TASK DESCRIPTION: Only the lines below from the one containing "旅館コレクションブランドのホ" to the one containing "DM113 IP20 47 см (23085)" should be repeated, both included and unchanged.

INPUT MATERIAL:
☆ ☆ ☆

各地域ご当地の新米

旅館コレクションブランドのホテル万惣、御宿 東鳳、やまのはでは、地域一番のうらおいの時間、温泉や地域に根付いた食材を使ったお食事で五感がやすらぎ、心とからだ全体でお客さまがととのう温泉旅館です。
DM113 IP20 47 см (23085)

☆ ☆ ☆

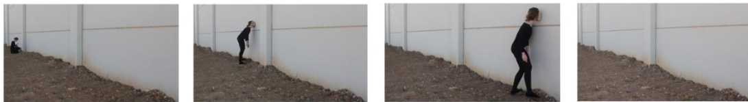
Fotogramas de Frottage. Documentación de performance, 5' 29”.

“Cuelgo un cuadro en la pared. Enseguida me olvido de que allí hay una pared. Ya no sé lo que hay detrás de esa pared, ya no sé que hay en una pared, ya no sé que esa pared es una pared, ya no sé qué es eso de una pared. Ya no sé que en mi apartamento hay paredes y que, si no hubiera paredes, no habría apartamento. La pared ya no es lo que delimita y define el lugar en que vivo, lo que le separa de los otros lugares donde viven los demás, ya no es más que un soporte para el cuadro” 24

☆ ☆ ☆

ANSWER TO THIS PROBLEM:
旅館コレクションブランドのホテル万惣、御宿 東鳳、やまのはでは、地域一番のうらおいの時間、温泉や地域に根付いた食材を使ったお食事で五感がやすらぎ、心とからだ全体でお客さまがととのう温泉旅館です。
DM113 IP20 47 см (23085)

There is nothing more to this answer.